Jetzt ist Deine Meinung zu *Terminator: Genisys - Neuer deutscher Trailer mit frischen Filmszenen* gefragt. 


				Bitte beachtet: Der Kommentarbereich wird gemäß der Forenregeln moderiert.





			Dieser Inhalt steht nur eingeloggten Mitgliedern zur Verfügung.
        

 Zum Artikel: Terminator: Genisys - Neuer deutscher Trailer mit frischen Filmszenen


----------



## Derme (13. April 2015)

Die Terminator-Reihe gibt es seit über 20 Jahren und auch, wenn die letzten beiden Teile eher mit gemischten Gefühlen aufgenommen wurden, gibt es immer noch eine riesige Fanbase da draußen, die sich den Film auf jeden Fall ansehen möchte. Warum folgen die Produzenten also dem Trend und verraten im Trailer schon wichtige Teile der Story? Der Twist mit John Connor als Hybrid hätte mich im Kino sicherlich total umgehauen, aber jetzt ist Genisys für mich nur ein weiterer von vielen 08/15 Actionfilm. Und - bei aller Nostalgie - ich traue es dem Film nicht zu, dass er sich aus der Masse der Schieß-und-explodier-Filme hervorheben kann.


----------



## bloodycorrey (13. April 2015)

Ich kann mir nicht helfen , aber das sind alles sehr billig aus ...


----------



## Peter23 (13. April 2015)

Langsam wird es mit der Storyline etwas unübersichtlich oder?

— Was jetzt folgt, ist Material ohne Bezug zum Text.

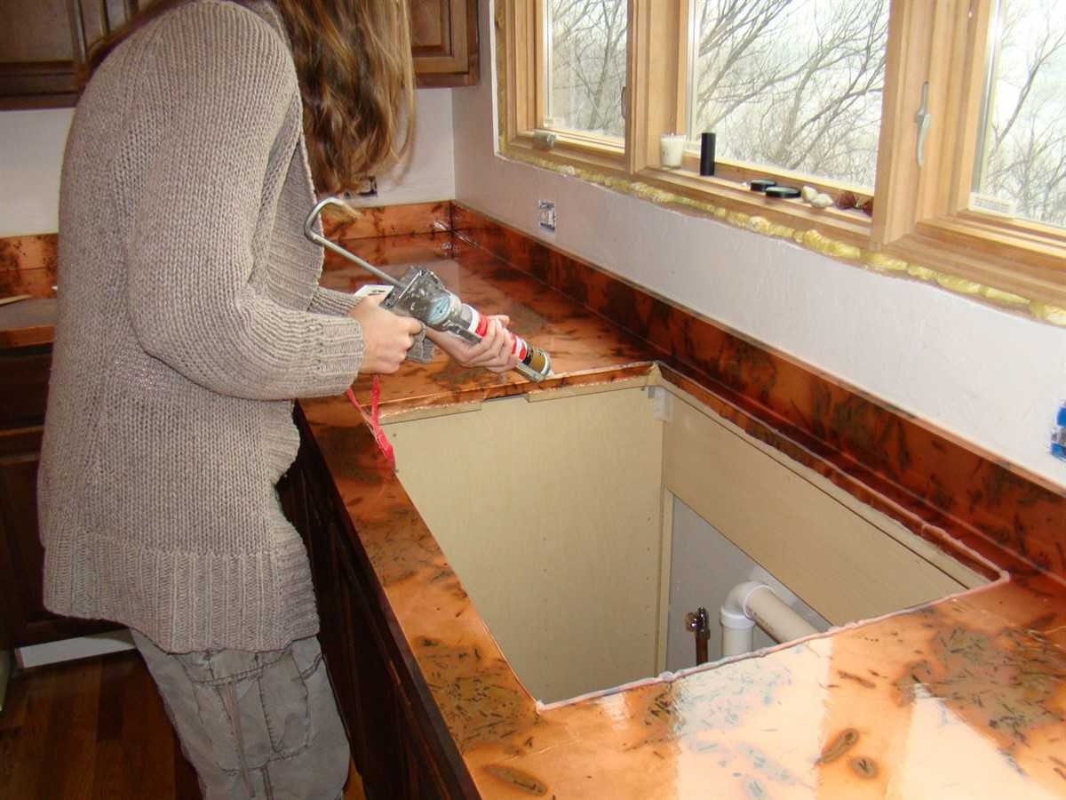 В последнюю очередь проводят герметизацию стыков со стенками, раковиной, плитой, другими модулями мебели. Герметиком промазывают все стыки и щели в местах соединения. Выжидают полного высыхания, 100 % герметизация защитит столешницу и мебель от попадания в труднодоступные места влаги и загрязнений, а значит, мебель прослужит дольше.

Handelt es sich um einen Reboot oder sollen die anderen vier Teile konsensfähig sein?


----------



## bettenlager (13. April 2015)

Ich warte immer noch auf Terminator: Das Musical!


----------



## Wynn (13. April 2015)

Irgendwie muss ich bei den Trailer immer an Daenyrs und Dr.Who denken ^^


----------



## frankyfife (13. April 2015)

Mich interessiert nur wie sich das Opi-T101 Modell und sein "junges" Gegenstück auf die Fresse hauen. Beim 1. Terminator hab ich noch in die Windeln geschissen, den habe ich erst sehr spät gesehen und dachte so "iiiiiiiiiiiiih". Ich glaube mit der neuen Zeitlinie bzw. deren Darstellung im Film sollen nur alteingesessene Fans des 1 und 2 Teils bedient werden, ich denke aber, sie machen das Franchise damit kaputt.

Ein richtig hohlbratziger Film mit Full-CGI-Arnie mit viel Krach und geballer und töten töten töten wäre mir lieber als dieses verwurstete Konstrukt aus Teil 5.

Aber warten wir ab


----------



## FlorianStangl (13. April 2015)

Peter23 schrieb:


> Langsam wird es mit der Storyline etwas unübersichtlich oder?
> 
> Handelt es sich um einen Reboot oder sollen die anderen vier Teile konsensfähig sein?


Gute Frage  Eigentlich soll es meines Wissens kein Reboot sein, auch wenn es Terminator 1 quasi neu erzählt. Ganz ehrlich, ich find's recht  gaga.  Zumindest anhand der Trailer. Vielleicht ist im Film am Stück erzählt auch alles plausibel


----------



## bundesgerd (13. April 2015)

Es ist kein Reboot, da es ja Szenen an den originalen 1. Teil innehat. Also eine Fortsetzung mit alternativer (?) Zeitlinie...
Aber über eines müssen wir uns im klaren sein:

Filme wie Terminator1/2 werden heutzutage nicht mehr in dieser Qualität wie damals (Spannung/wegweisende Tricks usw.) gedreht.  Diese Zeiten sind ein für allemal vorbei .


----------



## SGDrDeath (14. April 2015)

FlorianStangl schrieb:


> Gute Frage  Eigentlich soll es meines Wissens kein Reboot sein, auch wenn es Terminator 1 quasi neu erzählt. Ganz ehrlich, ich find's recht  gaga.  Zumindest anhand der Trailer. Vielleicht ist im Film am Stück erzählt auch alles plausibel


Plus das wir massivst bei Teil 2 und 3 ganze Szenen klauen. Also an neue gute Ideen glaub ich daher nicht mehr.


----------



## MisterBlonde (14. April 2015)

SGDrDeath schrieb:


> Plus das wir massivst bei Teil 2 und 3 ganze Szenen klauen. Also an neue gute Ideen glaub ich daher nicht mehr.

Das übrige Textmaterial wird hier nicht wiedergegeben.